Since Ian Murphy became the first person to be convicted of a cybercrime after hacking into AT&T in 1981, cybercriminal activity has mushroomed into a major and ever-evolving global threat, forecast to cost the world $6tn annually by 2021.
The number of victims and total reported losses from this relatively new criminal activity have risen significantly every year since 2015, according to the Federal Bureau of Investigation’s Internet Crime Complaint Center (IC3). So what effect has cybercrime had upon criminal investigations?

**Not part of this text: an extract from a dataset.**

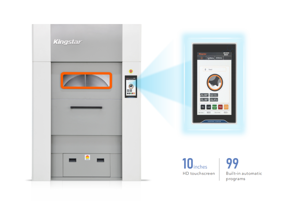 ❑ Mga programa sa pagpapatuyo: Sa mga tuntunin ng mga programa, ang Kingstar 100 kg dryer gumagamit ng 10-pulgadang full-color na touch screen, na maaaring mag-imbak ng 99 na mga programa sa pagpapatuyo. Ang mga parameter sa bawat programa ay maaari ding ayusin. Kapag nagpapatuyo, ang dryer ay gumagamit ng tatlong-mode na kontrol: oras, temperatura at halumigmig.
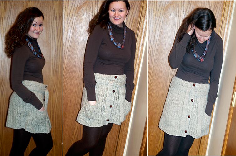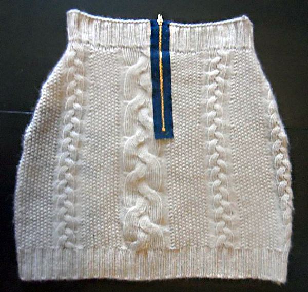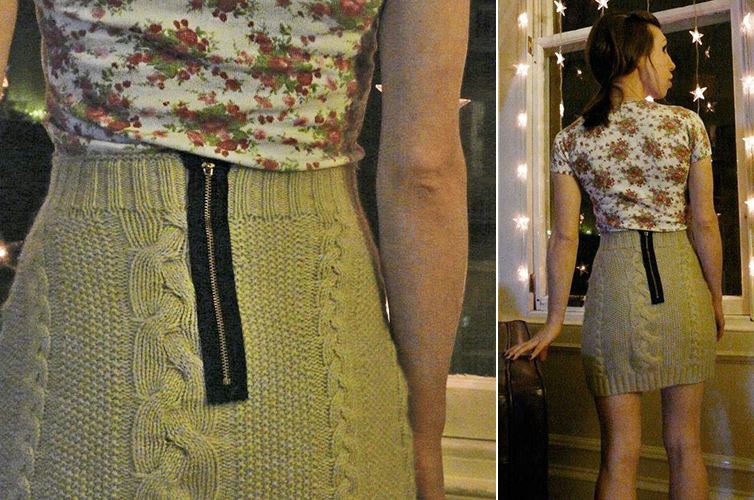 Modelo 3. Una opción audaz: una falda hecha de un snood con una cremallera contrastante. Se puede hacer lo mismo con un suéter; solo que la goma inferior podría funcionar mejor en la cintura, y el borde puede ser tejido nuevamente, o doblado y cosido con una goma suelta para solo fijar la forma. El autor de la idea dice que el snood que le regalaron en Navidad se ve mucho mejor como falda. ¡Difícil de discutir!

The definition of cybercrime is blurred and country-specific. Generally, it covers cyber-dependent crimes like network intrusion, but it can also encompass cyber-enabled crimes or crimes that yield digital evidence. With technology now interwoven into the fabric of our lives, cybercrime is becoming simply ‘crime.’
Besides birthing cybercrime, new technologies allow pre-existing crimes like fraud to be committed in new ways, making criminal investigations more complex across four areas: how crimes are committed, how evidence is gathered and presented, and how offences should be prosecuted.
Tech-Enabled Wrongdoing
Where a criminal could traditionally be identified via forensic evidence, witness accounts and later, DNA evidence, cybercrimes can be perpetrated anonymously, making it harder for criminal investigators to identify those responsible.

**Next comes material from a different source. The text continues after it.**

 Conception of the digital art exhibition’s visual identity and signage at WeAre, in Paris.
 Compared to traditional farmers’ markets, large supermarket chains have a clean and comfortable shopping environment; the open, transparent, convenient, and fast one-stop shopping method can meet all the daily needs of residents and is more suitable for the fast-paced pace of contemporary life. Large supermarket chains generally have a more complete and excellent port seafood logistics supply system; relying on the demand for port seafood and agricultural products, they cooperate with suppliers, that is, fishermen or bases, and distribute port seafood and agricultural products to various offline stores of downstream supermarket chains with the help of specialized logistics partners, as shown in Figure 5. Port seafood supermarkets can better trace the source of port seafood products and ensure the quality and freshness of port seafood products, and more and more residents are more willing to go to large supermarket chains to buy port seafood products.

“It is difficult to place a suspect behind the keyboard,” Jacob Ruiz, administrative bureau major at Osceola County Sheriff’s Office, Florida, tells Infosecurity.
Alex Guirakhoo, strategy and research analyst at Digital Shadows, adds: “The Tor network allows many cyber-criminals to operate with a base level of anonymity, which can be further enhanced by taking specific behavioral steps online to not expose their identity.”
Pinning cybercrimes to suspects is made even harder by criminals who impersonate the modus operandi of another criminal, threat group or country to provoke misattribution.
The speed at which cybercrimes and cyber-enabled crimes are committed makes it hard to catch criminals red-handed. Thieves can steal $45m from an ATM in a few hours in a cyber-bank heist, while it takes on average just three seconds for executed ransomware to start encrypting files.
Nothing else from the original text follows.